В конце концов он совсем потерял рассудок. А один молодой товарищ, интеллигентный и способный, страдал ужасной мнительностью. Сначала это было не очень заметно, выражалось в чрезмерной подозрительности, он озабоченно предупреждал, что тот или иной — скрытые враги. Однако болезнь его все более обострялась, и он стал видеть опасных врагов даже в самых чистых людях. После освобождения он заваливал различные учреждения «разоблачительными» письмами. Это навлекло на него большие неприятности по той простой причине, что не везде сразу поняли в чем дело. Так он исчез из жизни, и мы даже не узнали, что же все-таки с ним произошло — попал ли он в психиатрическую больницу или болезнь осилила его и убила?

Картина жизни в этапных тюрьмах становится особенно тягостной, если учесть, что при передвижении по этапу заключенных не кормили, а каждый должен был заботиться о себе сам. Можно было дать деньги полицейскому, чтобы он купил хлеб и еще что-нибудь, и, разумеется, об этом излишне даже упоминать, часть денег он удерживал. Если же случалось — а такие случаи не были редкостью, — что арестант не имел ни гроша в кармане, тогда душа из него вон. Одна из черт старого общества состояла в том, что оно издало закон об этапных тюрьмах, но не побеспокоилось о том, чтобы заключенным было там чем кормиться.
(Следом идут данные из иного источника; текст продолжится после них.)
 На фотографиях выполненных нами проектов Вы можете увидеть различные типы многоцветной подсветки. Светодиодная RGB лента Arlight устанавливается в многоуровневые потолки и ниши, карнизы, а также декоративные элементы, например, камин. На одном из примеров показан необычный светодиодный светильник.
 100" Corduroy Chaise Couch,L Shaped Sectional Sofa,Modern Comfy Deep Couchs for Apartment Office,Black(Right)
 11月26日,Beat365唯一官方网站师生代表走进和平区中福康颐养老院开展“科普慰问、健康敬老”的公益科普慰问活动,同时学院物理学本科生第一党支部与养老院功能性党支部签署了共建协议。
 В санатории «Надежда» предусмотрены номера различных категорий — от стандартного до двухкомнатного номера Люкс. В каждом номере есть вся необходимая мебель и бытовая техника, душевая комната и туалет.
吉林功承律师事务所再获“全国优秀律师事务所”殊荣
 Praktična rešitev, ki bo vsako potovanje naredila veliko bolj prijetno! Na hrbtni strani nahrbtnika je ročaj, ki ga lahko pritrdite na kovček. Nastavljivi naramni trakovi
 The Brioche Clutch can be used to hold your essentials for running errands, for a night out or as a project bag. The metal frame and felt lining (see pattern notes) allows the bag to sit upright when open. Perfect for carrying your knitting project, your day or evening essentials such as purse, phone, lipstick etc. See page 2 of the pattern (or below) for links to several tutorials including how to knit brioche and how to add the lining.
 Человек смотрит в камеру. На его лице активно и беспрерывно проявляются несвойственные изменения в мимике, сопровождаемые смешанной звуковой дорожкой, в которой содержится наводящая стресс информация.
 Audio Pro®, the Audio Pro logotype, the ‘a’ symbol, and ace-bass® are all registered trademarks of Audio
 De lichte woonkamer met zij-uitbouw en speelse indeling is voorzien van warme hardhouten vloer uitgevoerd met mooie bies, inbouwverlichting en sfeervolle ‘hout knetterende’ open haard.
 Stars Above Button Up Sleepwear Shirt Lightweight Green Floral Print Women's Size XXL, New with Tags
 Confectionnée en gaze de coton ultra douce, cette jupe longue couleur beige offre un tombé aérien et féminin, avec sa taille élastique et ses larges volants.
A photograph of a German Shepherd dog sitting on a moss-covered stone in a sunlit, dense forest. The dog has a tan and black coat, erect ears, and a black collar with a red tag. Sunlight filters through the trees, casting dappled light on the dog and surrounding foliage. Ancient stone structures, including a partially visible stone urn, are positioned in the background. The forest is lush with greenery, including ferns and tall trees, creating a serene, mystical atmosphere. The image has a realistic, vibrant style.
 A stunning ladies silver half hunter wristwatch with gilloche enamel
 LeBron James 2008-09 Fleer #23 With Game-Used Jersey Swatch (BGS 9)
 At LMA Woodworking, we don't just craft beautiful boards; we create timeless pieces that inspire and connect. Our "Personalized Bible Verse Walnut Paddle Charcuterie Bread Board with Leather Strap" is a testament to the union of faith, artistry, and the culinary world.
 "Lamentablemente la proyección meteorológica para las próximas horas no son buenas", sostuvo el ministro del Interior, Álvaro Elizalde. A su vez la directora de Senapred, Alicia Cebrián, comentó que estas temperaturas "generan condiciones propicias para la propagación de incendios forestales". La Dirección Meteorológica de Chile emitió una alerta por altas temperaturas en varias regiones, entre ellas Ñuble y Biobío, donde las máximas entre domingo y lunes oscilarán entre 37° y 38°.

Всего-навсего мелкое упущение! Особенно сильно я почувствовал его зимой 1942 года. Меня переводили из СЦТ в Плевенскую тюрьму. Отъезд совпал с временем свидания. Я переступил зловещий порог наружных ворот тюрьмы… и увидел мать, идущую мне навстречу. Родители мои не знали, что меня переводят, некогда было им сообщить. Для матери это было неожиданностью. Мученица мать, пережившая, как свои, все страдания сына, сначала остолбенела от неожиданности, а потом поспешила мне навстречу, заплакала, протянула руки и стала умолять полицейского — мол, у нее есть разрешение на свидание от господина прокурора, она принесла немного еды, пусть он мне передаст. Я тоже настаивал, и страж смилостивился. Моя мать, державшая в руках сумку с питкой, тонкой, только что испеченной белой питкой, сунула ее мне в руки, и я продолжал свой путь, не имея возможности обернуться и посмотреть, как она провожает взглядом своего сына в кандалах, с узелком в руке и с полицейским за спиной. Картина не для матери! Как радуется мать, когда дитя ее преуспевает! Как она видит своих детей с малых лет уже взрослыми, большими людьми, хорошо устроенными в жизни! Но и в беде мать остается со своими детьми, даже с неудачниками, пропащими, страдающими детьми, и несет в своем сердце их мучения.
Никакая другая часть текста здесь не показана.